▶ _Problem to solve_:
Give back the full listing verbatim, apart from its images.

▶ _Source data_:
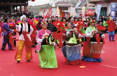 2月21日,在山西省临汾市襄汾县陶寺乡陶寺村,民间社火队在“二月二龙抬头社火节”活动中表演传统民俗“跑驴”。
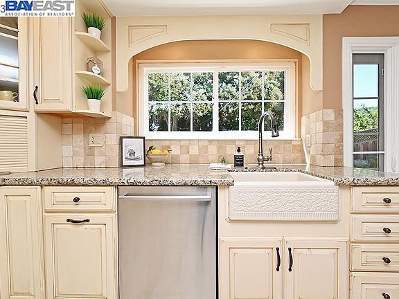 WESTSIDE PLEASANTON Home with Ridge Views! HIGH-END updates and improvements inside and out with LARGE 3-Car Garage on a Private Tree-Lined Street. Hardwood floors, crown moulding, custom built-ins, vaulted and tray ceilings, two fireplaces, recessed lighting, custom tilework and more. Updated granite/stainless kitchen with farm sink and stone backsplash. Oversized primary suite with gorgeous spa bath featuring giant walk-in shower with multiple shower heads, free-standing soaking tub, dual sinks, toilet room and walk-in closet with professional organizers. Convenient 1st floor bedroom and remodeled full bathroom. 3rd bathroom with dual sinks. French doors open to private backyard featuring Pleasanton Ridge views, expansive deck, retractable shade awning, grassy play area and two storage sheds. New heat/air conditioning and water heater. 3-car garage with electric car charger, epoxy floor, Elfa storage cabinetry, bike racks, utility sink and door to exterior with window and doggie door access. Great Stoneridge area location close to schools, parks, shopping, trails and more. Easy BART and 580/680 commute access.
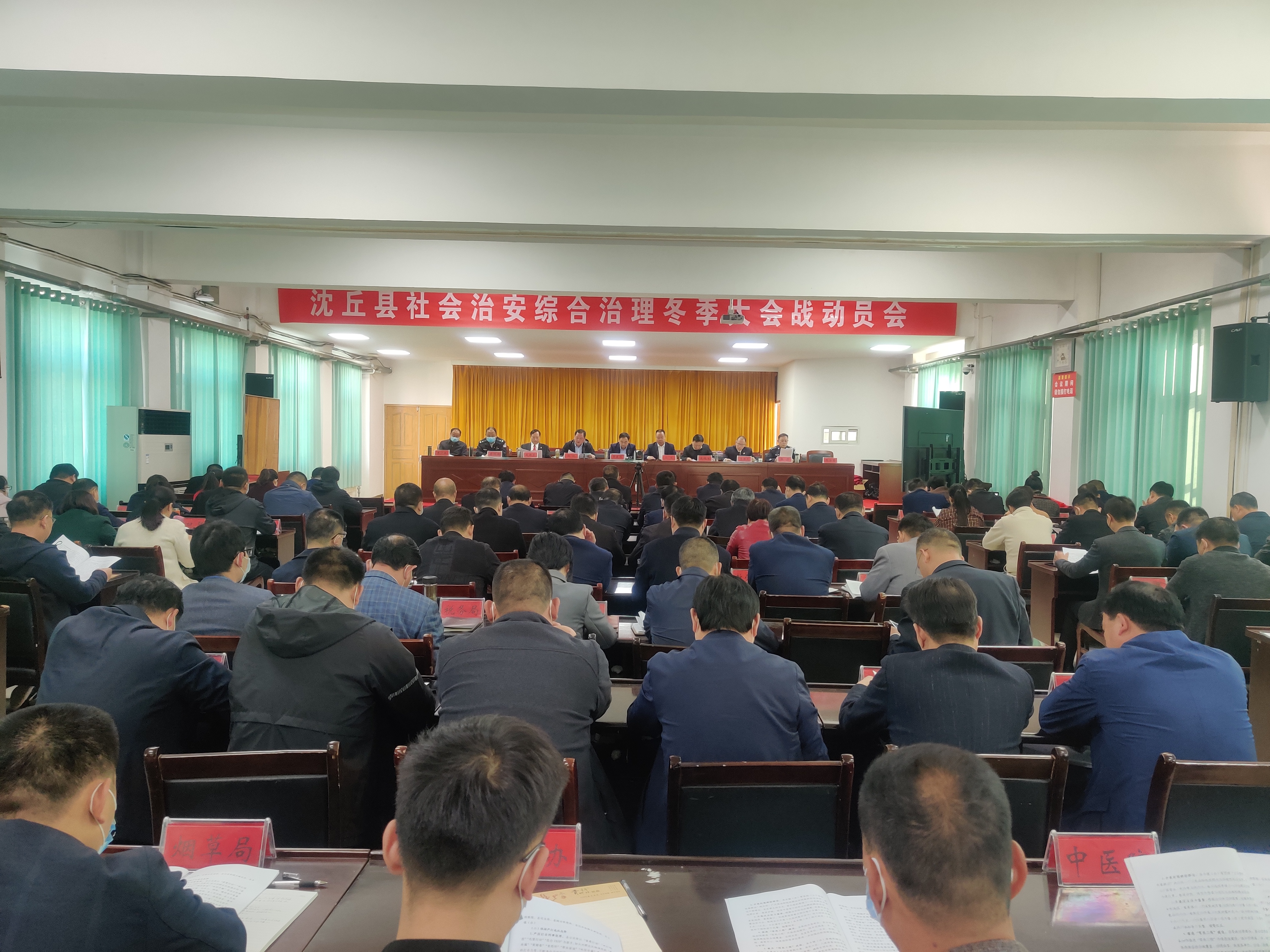 11月4日,沈丘縣組織召開社會(huì)治安綜合治理冬季大會(huì)戰(zhàn)動(dòng)員會(huì)??h領(lǐng)導(dǎo)賈慶偉、段然、張銳、鹿槐生、趙振勇、李世龍、李恒新、張彥、李廣其出席會(huì)議??h直各單位及各鄉(xiāng)鎮(zhèn)(辦)主要負(fù)責(zé)人參加會(huì)議。會(huì)上,副縣長張銳宣讀了《沈丘社會(huì)治安綜合治理大會(huì)戰(zhàn)工作方案》。

▶ _Solution to the problem_:
 2月21日,在山西省临汾市襄汾县陶寺乡陶寺村,民间社火队在“二月二龙抬头社火节”活动中表演传统民俗“跑驴”。
 WESTSIDE PLEASANTON Home with Ridge Views! HIGH-END updates and improvements inside and out with LARGE 3-Car Garage on a Private Tree-Lined Street. Hardwood floors, crown moulding, custom built-ins, vaulted and tray ceilings, two fireplaces, recessed lighting, custom tilework and more. Updated granite/stainless kitchen with farm sink and stone backsplash. Oversized primary suite with gorgeous spa bath featuring giant walk-in shower with multiple shower heads, free-standing soaking tub, dual sinks, toilet room and walk-in closet with professional organizers. Convenient 1st floor bedroom and remodeled full bathroom. 3rd bathroom with dual sinks. French doors open to private backyard featuring Pleasanton Ridge views, expansive deck, retractable shade awning, grassy play area and two storage sheds. New heat/air conditioning and water heater. 3-car garage with electric car charger, epoxy floor, Elfa storage cabinetry, bike racks, utility sink and door to exterior with window and doggie door access. Great Stoneridge area location close to schools, parks, shopping, trails and more. Easy BART and 580/680 commute access.
 11月4日,沈丘縣組織召開社會(huì)治安綜合治理冬季大會(huì)戰(zhàn)動(dòng)員會(huì)??h領(lǐng)導(dǎo)賈慶偉、段然、張銳、鹿槐生、趙振勇、李世龍、李恒新、張彥、李廣其出席會(huì)議??h直各單位及各鄉(xiāng)鎮(zhèn)(辦)主要負(fù)責(zé)人參加會(huì)議。會(huì)上,副縣長張銳宣讀了《沈丘社會(huì)治安綜合治理大會(huì)戰(zhàn)工作方案》。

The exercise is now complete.